Le but du couple Pilotte-Hoang, c’était la retraite à 40 ans. Pour d’autres, c’est démarrer une entreprise, pour d’autres encore, travailler moins. 

« Si tu enlèves toutes les bébelles inutiles, il en faut finalement assez peu pour vivre », soutient Steve Bouchard, 30 ans, qui s’est fixé le même objectif de prendre sa retraite avant 40 ans. 

« La pandémie a simplement accentué notre frugalisme », ajoute ce chauffeur de camion minier en Abitibi, dont la conjointe occupe le même type d’emploi. Disposant d’un salaire annuel combiné de 200 000 dollars, ils parviennent à mettre dans leur bas de laine les trois quarts de leur revenu net. Et lorsqu’ils ont vu les marchés boursiers baisser énormément au début de la pandémie, ils en ont profité pour « mettre un peu de vent dans [leurs] voiles » : ils ont vendu leur maison de 350 000 dollars à Palmarolle, à 50 km au nord de Rouyn-Noranda, pour en racheter une plus modeste à Villebois, 40 km plus au nord. Et hop ! 255 000 dollars de plus dans le bas de laine !

Sans avoir une vie monacale, les deux mènent une existence rangée : ils ne se déplacent pas en voitures de l’année — une Toyota Corolla 2005 et une Kia Rio 2011 —, vont rarement au restaurant et surveillent les prix. « On ne se prive de rien, mais quand on voit un paquet de quatre chandails pour 20 dollars au Costco, on est preneurs ! » dit Steve Bouchard.

Pour résister aux tentations, Jean-Sébastien Pilotte suggère de cultiver notre indépendance d’esprit, de façon à pouvoir ignorer ce que les gens pensent de nous, et de faire fi des critiques. « Par exemple, mes parents m’ont toujours dit qu’il fallait acheter une maison, parce que louer un logement, c’était jeter son argent par les fenêtres. » Or, ce n’est pas tout le temps le cas.
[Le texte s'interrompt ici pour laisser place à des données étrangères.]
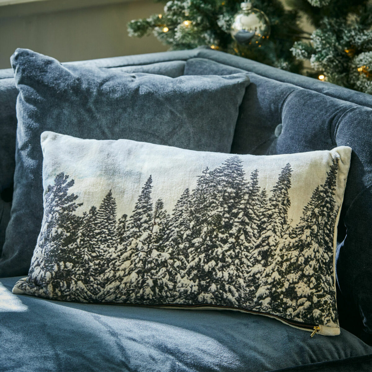 Lassen Sie sich entführen in die verzauberte Welt des Winterwaldes. Diese originelle Kissenhülle ist ein stilvoller Stimmungsmacher und schafft eine inspirierende Atmosphäre in Ihren Räumen – nicht nur zur Weihnachtszeit. Wohntextilien mit Fotodrucken sind im Trend, besonders Naturmotive. Ein traumhaft schönes Winterszenario mit Tannenbäumen steht hier im Fokus – das Ganze in einer charakteristischen Farbgebung, was dem Motiv einen ganz besonderen Nostalgie-Charme verleiht. Der fein schimmernde Baumwollsamt setzt das Bild nicht nur brillant in Szene, er verwöhnt auch mit eleganter Noblesse und fantastisch weicher Haptik. Abgerundet wird der Kissenbezug durch einen Reißverschluss, der das Beziehen leicht von der Hand gehen lässt. Ein wundervoller und gemütlicher Dekoakzent, mit dem Sie auch Ihre Gäste beeindrucken können – ob auf dem Sofa, dem Lieblingssessel oder der Kaminbank.

L’Autorité des marchés financiers propose ainsi un outil en ligne pour déterminer quel choix convient le mieux à chacun, selon le contexte. « Il faut savoir vivre pour soi-même et pas en fonction du regard des autres, même des proches, poursuit Jean-Sébastien Pilotte. Ça ne vient pas du jour au lendemain. Mais une fois qu’on acquiert cette indépendance de vue, le reste devient assez mécanique. »

À ceux qui désirent emprunter la voie du frugalisme, il offre quelques conseils, outre celui de se libérer de l’idée très judéo-chrétienne que l’argent, c’est mal. « Il faut comprendre la valeur de l’argent dans le temps. »

Même les habitudes de consommation à première vue insignifiantes ont d’énormes effets à long terme. « Le café et le beigne qu’on achète chaque matin, le resto quotidien à 10 ou 15 dollars, ça représente des milliers de dollars par an si on économise cet argent. Et si on place cette économie, ça en fait encore plus avec les années. »

C’est le principe de l’intérêt composé appliqué à une vie entière, en quelque sorte. « Ce sont les choix qu’on fait tôt dans la vie qui ont le plus d’incidence », dit Jean-Sébastien Pilotte. Par exemple, les 30 000 dollars que consacre un jeune diplômé à l’achat d’une voiture neuve « généreraient peut-être 500 000 dollars s’il les investissait pendant 30 ans. Mais il choisit d’hypothéquer sa santé financière, sa liberté à long terme. Le café qu’on achète tous les jours représente 15 000 dollars sur 10 ans. C’est le concept le plus important à comprendre : le gain qu’entraîne la renonciation ».